Andrea Graham said...

For the most part, great stuff, but I must ask, where do you get your statistics on divorce? The statistics I've read indicate, while divorce is as common between those who *say* they are Christian and those who are not, the more frequently a couple attends church, the less likely they are to divorce. Along those same lines, couples that pray together regularly have a divorce rate somewhere in the ball part of zero.

The reason you have statistics like you listed is most people who claim Christ wear his name like a get out of hell free card and continue living however they please. It is a shame on the church that so many tolerate, and god forbid, encourage this Kool-aid version of the pure wine of the gospel.
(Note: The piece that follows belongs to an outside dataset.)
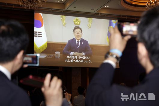 [서울=뉴시스] 최동준 기자 = 16일 서울 중구 롯데호텔에서 열린 주한일본대사관 주최 한일국교정상화 60주년 행사에서 이재명 대통령의 기념 메시지 영상이 나오고 있다. 2025.06.16. photocdj@newsis.com

Driftwood: *hugs* I hear that bleeding heart, sister, but I have to warn you, that kind of anger would probably fall into the category of having already committed murder in your heart, wouldn't you think?

Weaver: Considering your position, I'm glad you were so positive about how I handled it when Gabrielle was abused in Heaven's Mark.

Some would say, with the main point of the looking in the window, that it's irrelevant in POV writing, where you're not watching, you are the character. But, to me, that's even worse. You're not just leading your reader in and letting them watch. You're lying them down on the bed and...... and leading them directly into the realm of sin even if the couple is married in the book, the reader is certainly not married to the POV character's spouse!

I try to be very careful to avoid that. I know what a stumbling block that would be for many people. This is giving it away, but most of the time, if I've got a bedroom scene of any detail and I don't cut out or summarize over it, the romantic interlude is likely to get interrupted by a plot turn before things get heavy.

Violence, while desensitization is a very bad thing, it's not nearly as big a stumbling block, not the way the other topic is.

uc said...

Are your readers the same kind who would read Genesis (violence) and Song of Solomon (sex)?